-- INSTRUCTIONS FOR THE TASK --
Reproduced exactly, the lines from the start of the material through the line containing "南博向新华社记者出示了专家鉴" should be the whole answer, with pictures excluded.

-- SOURCE DATA --
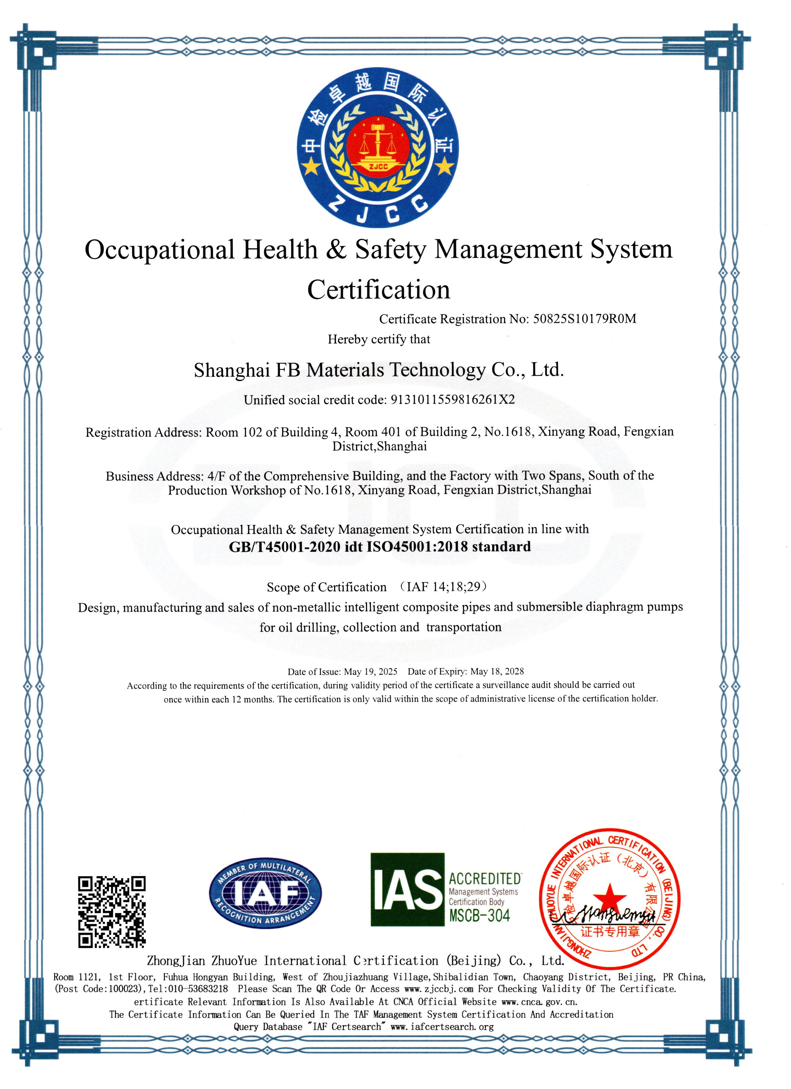 ISO 45001:2018职业健康安全管理体系认证,确保员工工作环境的安全和健康。
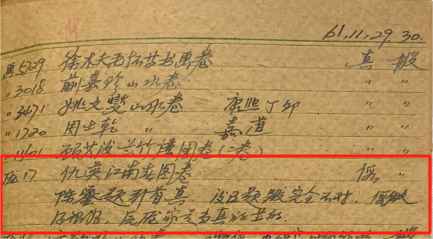 南博向新华社记者出示了专家鉴定记录及有关流程证据:第一次是1961年11月,原文化部组织以张珩(张葱玉)为主的全国书画鉴定专家组到南博进行书画鉴定,张珩、韩慎先、谢稚柳三位专家鉴定后认为:“江南春图卷,伪,一般,陈鎏题引首真,后面题跋完全不对,伪做得很好,原庞家是当真的藏的”。第二次是1964年6月,王敦化、徐沄秋、许莘农三位专家再次鉴定,认为“仇英江南春图卷,假”。
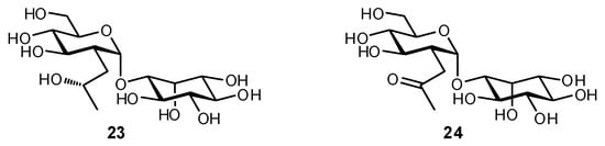 Mycothiol is a 1-d-1-O-[2-N-acetamido-l-cysteinamido)-2-deoxy-α-d-glucopyranosyl]-myo-inositol which appears to play an important role in actinomycetes in protection from toxic agents and in preventing on oxidative intracellular environment, similar to the role of glutathione []. The disaccharide 1-d-1-O-(2-acetamido-2-deoxy-α-d-glucopyranosyl)-myo-inositol is an intermediate in Mycobacteria mycothiol production, and inhibitors of an N-deacetylase enzyme could potentially be used as a treatment against infection. Derivatives in which the NHAc group of the GlcNAc moiety was replaced by a C-2 substituent were synthesized and evaluated as inhibitors (Figure 10) []. Both 2-deoxy-2-C-(2′-hydroxypropyl)-d-glucoside (23) and 2-deoxy-2-C-(2′-oxopropyl)-d-glucose (24) derivatives successfully inhibited the production of inositol-containing metabolites, as measured by the incorporation of radiolabeled [3H]inositol into molecules, but unexpectedly did not affect the growth of Mycobacterium smegmatis in vitro.
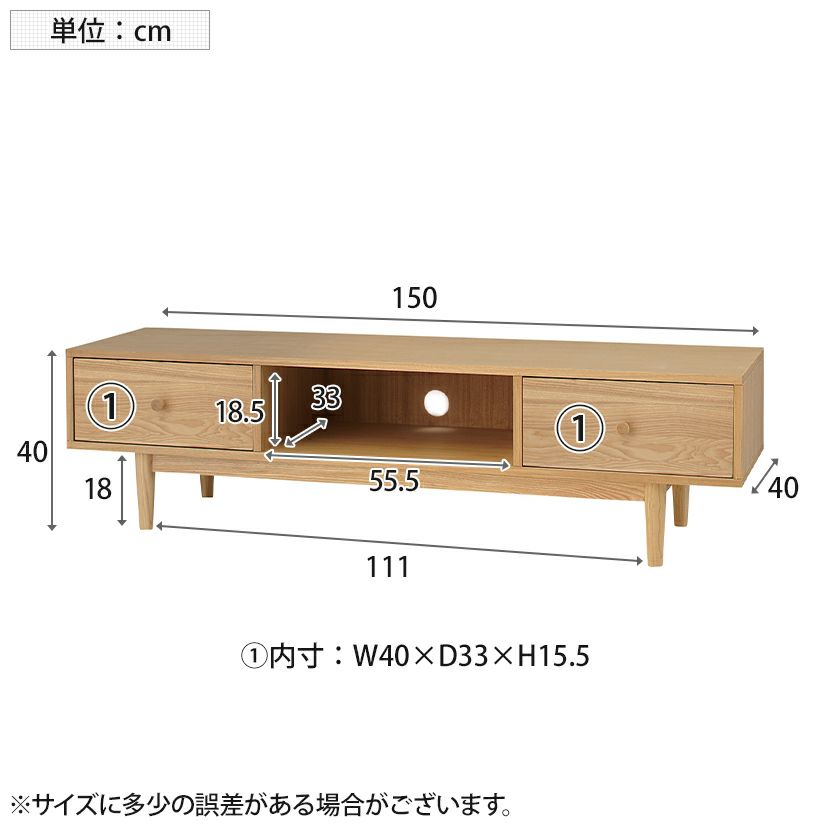 幅150cm テレビボード TIM-32 テレビ台 脚付き 引き出し付き 配線穴付き 収納 シンプル 北欧風 天然木 オーク ローボード

-- RESULT FOR THIS TASK --
 ISO 45001:2018职业健康安全管理体系认证,确保员工工作环境的安全和健康。
 南博向新华社记者出示了专家鉴定记录及有关流程证据:第一次是1961年11月,原文化部组织以张珩(张葱玉)为主的全国书画鉴定专家组到南博进行书画鉴定,张珩、韩慎先、谢稚柳三位专家鉴定后认为:“江南春图卷,伪,一般,陈鎏题引首真,后面题跋完全不对,伪做得很好,原庞家是当真的藏的”。第二次是1964年6月,王敦化、徐沄秋、许莘农三位专家再次鉴定,认为“仇英江南春图卷,假”。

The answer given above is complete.